Stored items from a collection
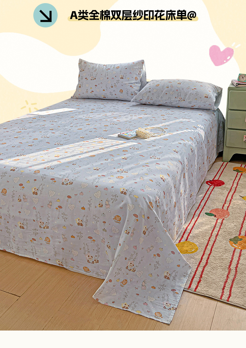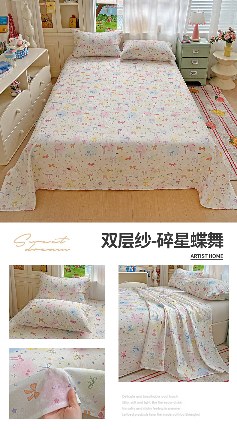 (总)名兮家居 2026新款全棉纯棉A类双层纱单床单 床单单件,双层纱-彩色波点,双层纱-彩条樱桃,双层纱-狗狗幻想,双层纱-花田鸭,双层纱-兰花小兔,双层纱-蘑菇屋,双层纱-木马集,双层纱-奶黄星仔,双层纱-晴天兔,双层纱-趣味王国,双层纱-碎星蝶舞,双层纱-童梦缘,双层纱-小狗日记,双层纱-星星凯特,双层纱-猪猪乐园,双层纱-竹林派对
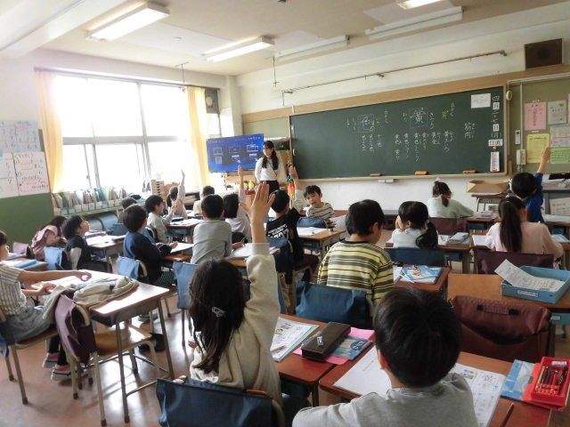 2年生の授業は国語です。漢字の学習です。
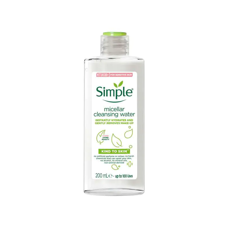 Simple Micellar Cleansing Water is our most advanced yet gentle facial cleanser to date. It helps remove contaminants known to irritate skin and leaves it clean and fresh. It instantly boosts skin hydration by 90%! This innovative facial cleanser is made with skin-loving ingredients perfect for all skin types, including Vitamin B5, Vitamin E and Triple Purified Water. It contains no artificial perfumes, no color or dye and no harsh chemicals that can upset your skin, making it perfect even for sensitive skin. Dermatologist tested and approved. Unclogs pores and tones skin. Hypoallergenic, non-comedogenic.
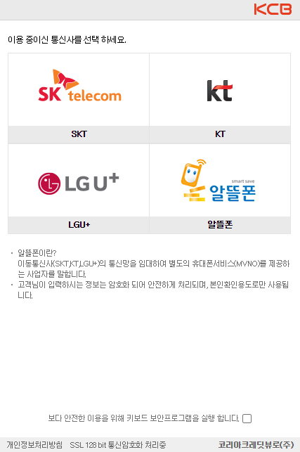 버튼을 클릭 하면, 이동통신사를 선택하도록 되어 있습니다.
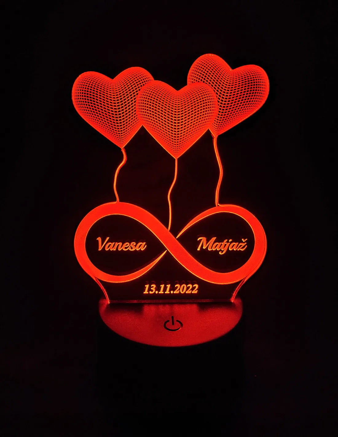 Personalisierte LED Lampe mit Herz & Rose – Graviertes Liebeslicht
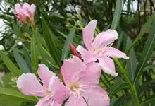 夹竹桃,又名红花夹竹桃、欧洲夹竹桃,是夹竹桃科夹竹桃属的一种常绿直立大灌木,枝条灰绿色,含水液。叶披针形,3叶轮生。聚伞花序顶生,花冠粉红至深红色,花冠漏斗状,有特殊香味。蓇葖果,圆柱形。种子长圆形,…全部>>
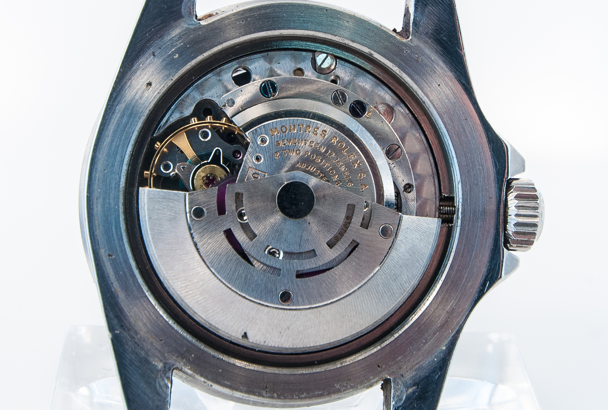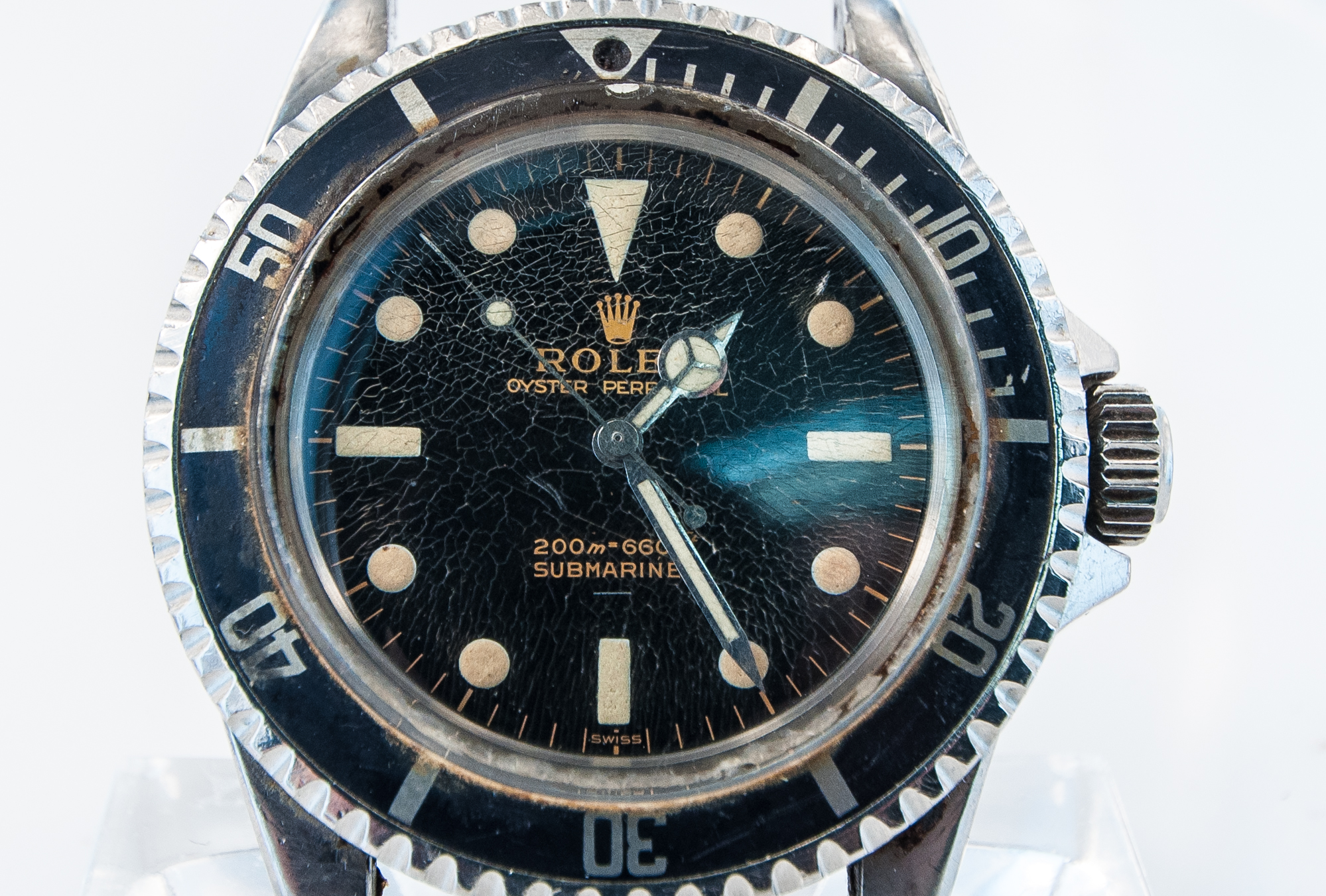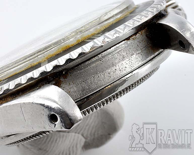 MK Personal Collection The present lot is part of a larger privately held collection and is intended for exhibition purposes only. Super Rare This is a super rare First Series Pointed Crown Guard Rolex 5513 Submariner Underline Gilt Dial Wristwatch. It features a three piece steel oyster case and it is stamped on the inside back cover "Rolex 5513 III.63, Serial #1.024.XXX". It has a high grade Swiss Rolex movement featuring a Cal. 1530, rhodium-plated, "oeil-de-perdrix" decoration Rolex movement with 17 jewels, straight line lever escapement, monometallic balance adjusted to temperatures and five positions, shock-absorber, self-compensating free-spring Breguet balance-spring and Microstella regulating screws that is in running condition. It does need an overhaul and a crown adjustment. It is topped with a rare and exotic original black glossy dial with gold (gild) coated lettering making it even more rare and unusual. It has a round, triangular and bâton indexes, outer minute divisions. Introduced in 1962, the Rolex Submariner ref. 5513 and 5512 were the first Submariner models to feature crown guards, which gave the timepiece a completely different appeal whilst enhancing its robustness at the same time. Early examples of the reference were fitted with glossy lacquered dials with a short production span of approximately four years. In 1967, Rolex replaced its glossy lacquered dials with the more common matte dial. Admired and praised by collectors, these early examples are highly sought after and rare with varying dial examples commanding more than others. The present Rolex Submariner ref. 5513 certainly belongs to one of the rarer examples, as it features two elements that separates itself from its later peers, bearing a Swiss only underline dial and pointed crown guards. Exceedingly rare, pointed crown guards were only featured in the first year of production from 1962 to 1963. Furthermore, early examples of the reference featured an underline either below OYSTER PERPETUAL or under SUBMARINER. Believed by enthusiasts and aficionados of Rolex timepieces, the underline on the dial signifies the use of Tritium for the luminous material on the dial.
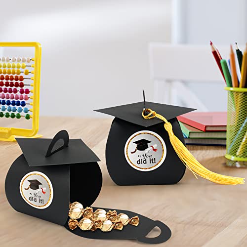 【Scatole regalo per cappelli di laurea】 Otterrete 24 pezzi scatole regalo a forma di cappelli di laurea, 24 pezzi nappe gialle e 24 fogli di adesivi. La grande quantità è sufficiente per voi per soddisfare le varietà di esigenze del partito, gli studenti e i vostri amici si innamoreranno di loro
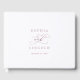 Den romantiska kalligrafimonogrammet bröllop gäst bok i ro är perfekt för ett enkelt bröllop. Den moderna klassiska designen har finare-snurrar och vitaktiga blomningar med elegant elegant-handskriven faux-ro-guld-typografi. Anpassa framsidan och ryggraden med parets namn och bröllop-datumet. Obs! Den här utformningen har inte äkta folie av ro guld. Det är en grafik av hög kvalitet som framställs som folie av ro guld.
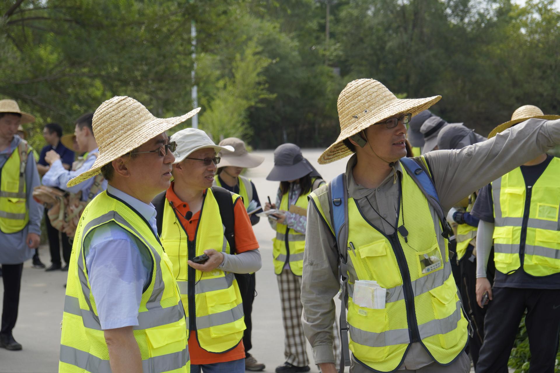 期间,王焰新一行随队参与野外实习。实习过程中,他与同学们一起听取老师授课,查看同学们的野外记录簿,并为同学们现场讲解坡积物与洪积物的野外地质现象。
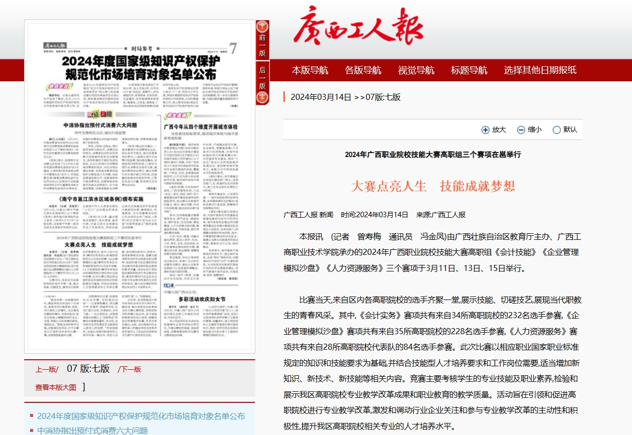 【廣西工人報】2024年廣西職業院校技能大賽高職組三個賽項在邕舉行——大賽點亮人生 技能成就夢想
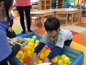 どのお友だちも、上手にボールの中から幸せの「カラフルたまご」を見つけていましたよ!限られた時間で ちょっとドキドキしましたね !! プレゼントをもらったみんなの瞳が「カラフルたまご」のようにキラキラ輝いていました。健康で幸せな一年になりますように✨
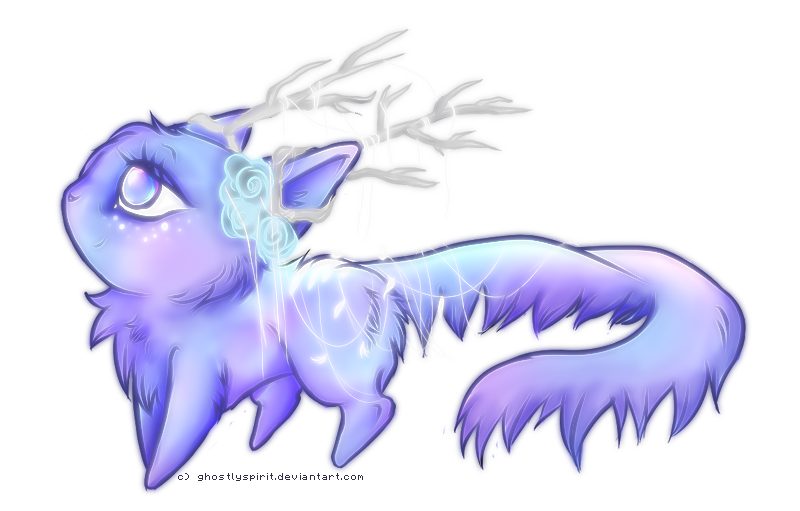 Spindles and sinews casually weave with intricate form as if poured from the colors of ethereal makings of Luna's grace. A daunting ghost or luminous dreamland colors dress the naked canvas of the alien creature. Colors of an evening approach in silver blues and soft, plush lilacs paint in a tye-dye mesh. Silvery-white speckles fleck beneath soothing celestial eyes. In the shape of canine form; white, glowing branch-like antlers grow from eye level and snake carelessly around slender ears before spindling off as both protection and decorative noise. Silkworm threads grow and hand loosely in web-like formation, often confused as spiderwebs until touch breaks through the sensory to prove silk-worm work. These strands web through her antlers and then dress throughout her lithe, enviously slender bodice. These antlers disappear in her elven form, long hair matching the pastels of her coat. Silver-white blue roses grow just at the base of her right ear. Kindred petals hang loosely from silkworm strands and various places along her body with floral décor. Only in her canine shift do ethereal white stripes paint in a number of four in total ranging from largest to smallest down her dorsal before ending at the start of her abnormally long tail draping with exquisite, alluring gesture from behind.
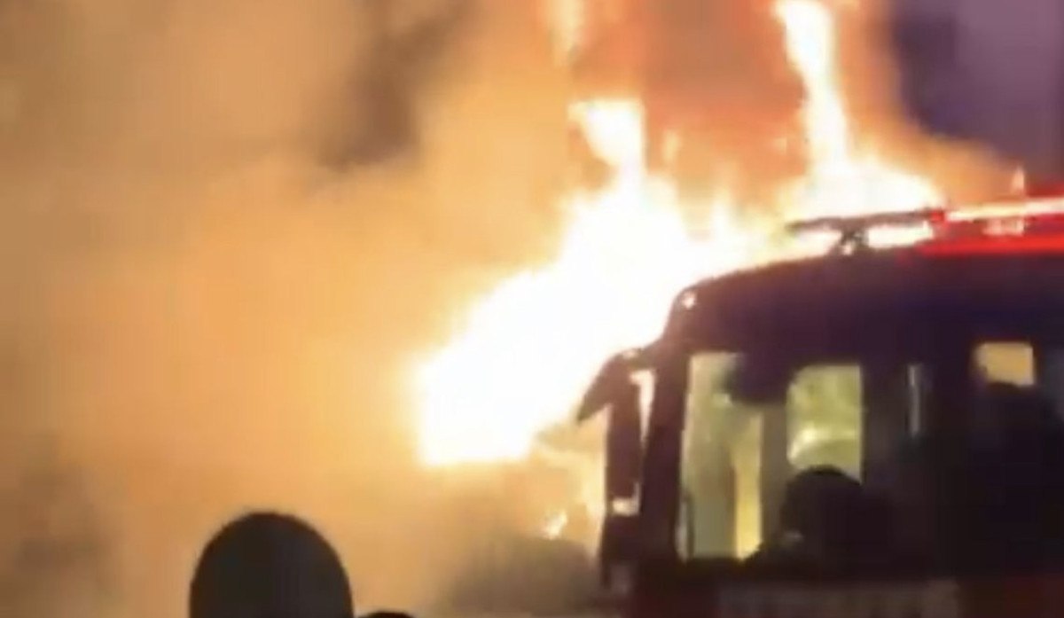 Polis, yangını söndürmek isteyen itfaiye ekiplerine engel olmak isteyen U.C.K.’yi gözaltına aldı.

#### [REQUIRED ACTION]
All that should appear in the answer is the lines above from the line with "2年生の授業は国語です。漢字の学習です。" through the line with "夹竹桃,又名红花夹竹桃、欧洲", retyped exactly, pictures left out.

#### [YOUR RESPONSE]
 2年生の授業は国語です。漢字の学習です。
 Simple Micellar Cleansing Water is our most advanced yet gentle facial cleanser to date. It helps remove contaminants known to irritate skin and leaves it clean and fresh. It instantly boosts skin hydration by 90%! This innovative facial cleanser is made with skin-loving ingredients perfect for all skin types, including Vitamin B5, Vitamin E and Triple Purified Water. It contains no artificial perfumes, no color or dye and no harsh chemicals that can upset your skin, making it perfect even for sensitive skin. Dermatologist tested and approved. Unclogs pores and tones skin. Hypoallergenic, non-comedogenic.
 버튼을 클릭 하면, 이동통신사를 선택하도록 되어 있습니다.
 Personalisierte LED Lampe mit Herz & Rose – Graviertes Liebeslicht
 夹竹桃,又名红花夹竹桃、欧洲夹竹桃,是夹竹桃科夹竹桃属的一种常绿直立大灌木,枝条灰绿色,含水液。叶披针形,3叶轮生。聚伞花序顶生,花冠粉红至深红色,花冠漏斗状,有特殊香味。蓇葖果,圆柱形。种子长圆形,…全部>>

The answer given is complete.